> [DATASET ENTRIES]
* * * * *

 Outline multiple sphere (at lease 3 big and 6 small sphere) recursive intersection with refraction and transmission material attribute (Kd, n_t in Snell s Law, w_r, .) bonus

* * * * *

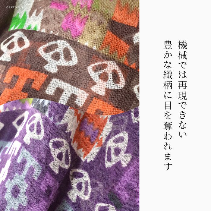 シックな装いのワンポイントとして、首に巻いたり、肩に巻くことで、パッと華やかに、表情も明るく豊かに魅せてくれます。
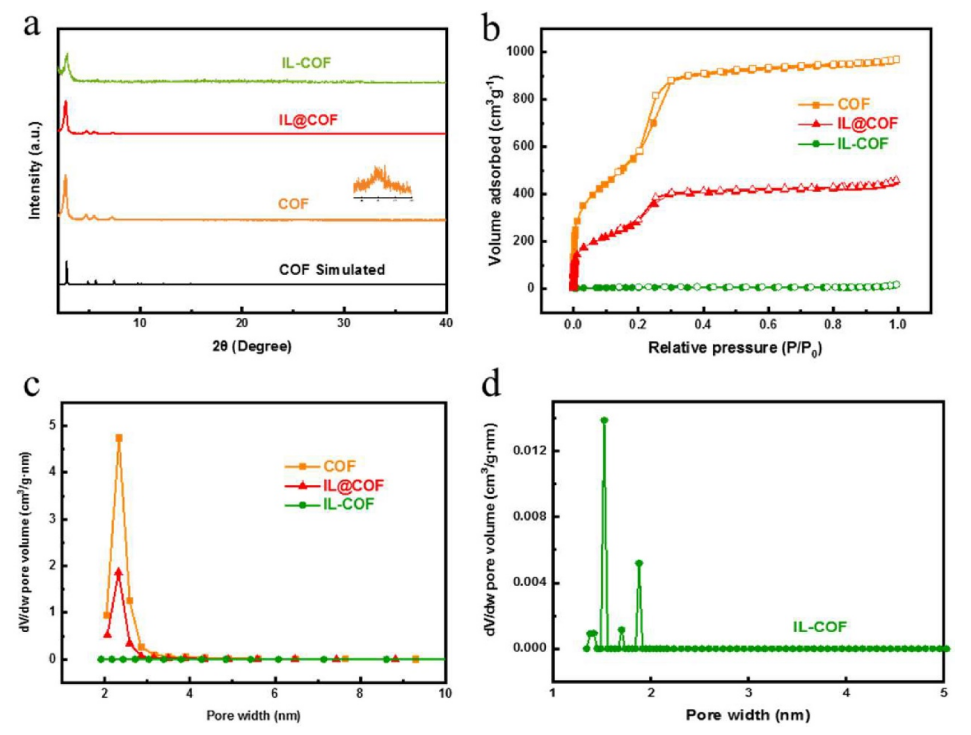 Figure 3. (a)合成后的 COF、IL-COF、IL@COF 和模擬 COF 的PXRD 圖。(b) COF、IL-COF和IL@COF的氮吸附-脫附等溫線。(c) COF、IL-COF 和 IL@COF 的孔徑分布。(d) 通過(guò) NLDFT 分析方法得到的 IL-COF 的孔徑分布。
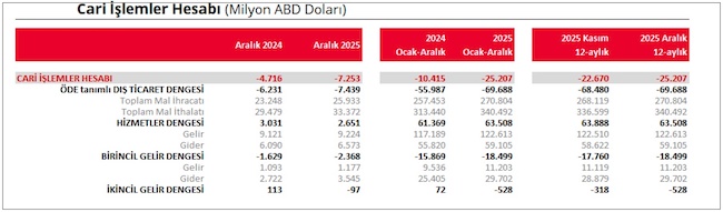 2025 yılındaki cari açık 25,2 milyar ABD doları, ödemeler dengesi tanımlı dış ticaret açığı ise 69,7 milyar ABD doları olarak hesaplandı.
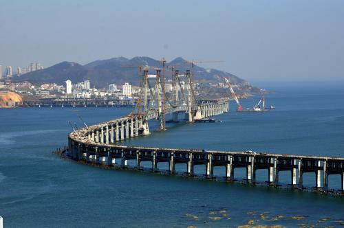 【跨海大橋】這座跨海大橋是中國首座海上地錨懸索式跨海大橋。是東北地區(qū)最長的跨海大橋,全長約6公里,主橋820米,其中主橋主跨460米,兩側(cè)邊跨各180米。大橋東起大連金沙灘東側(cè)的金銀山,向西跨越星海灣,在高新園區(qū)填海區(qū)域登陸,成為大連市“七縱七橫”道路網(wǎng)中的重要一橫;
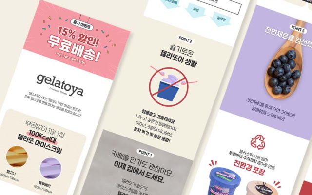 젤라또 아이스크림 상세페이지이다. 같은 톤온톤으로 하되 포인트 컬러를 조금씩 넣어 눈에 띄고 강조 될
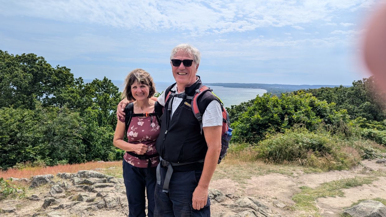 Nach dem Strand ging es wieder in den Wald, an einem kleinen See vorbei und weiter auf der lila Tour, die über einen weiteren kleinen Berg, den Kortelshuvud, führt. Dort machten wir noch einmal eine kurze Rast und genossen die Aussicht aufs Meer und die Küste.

* * * * *

> [WHAT THE EXERCISE ASKS]
Both boundary lines included, write out word for word only the lines above from the one containing "2025 yılındaki cari" to the one containing "젤라또 아이스크림 상세페이지이다.", leaving out any pictures.

> [SOLUTION FOR THIS EXERCISE]
 2025 yılındaki cari açık 25,2 milyar ABD doları, ödemeler dengesi tanımlı dış ticaret açığı ise 69,7 milyar ABD doları olarak hesaplandı.
 【跨海大橋】這座跨海大橋是中國首座海上地錨懸索式跨海大橋。是東北地區(qū)最長的跨海大橋,全長約6公里,主橋820米,其中主橋主跨460米,兩側(cè)邊跨各180米。大橋東起大連金沙灘東側(cè)的金銀山,向西跨越星海灣,在高新園區(qū)填海區(qū)域登陸,成為大連市“七縱七橫”道路網(wǎng)中的重要一橫;
 젤라또 아이스크림 상세페이지이다. 같은 톤온톤으로 하되 포인트 컬러를 조금씩 넣어 눈에 띄고 강조 될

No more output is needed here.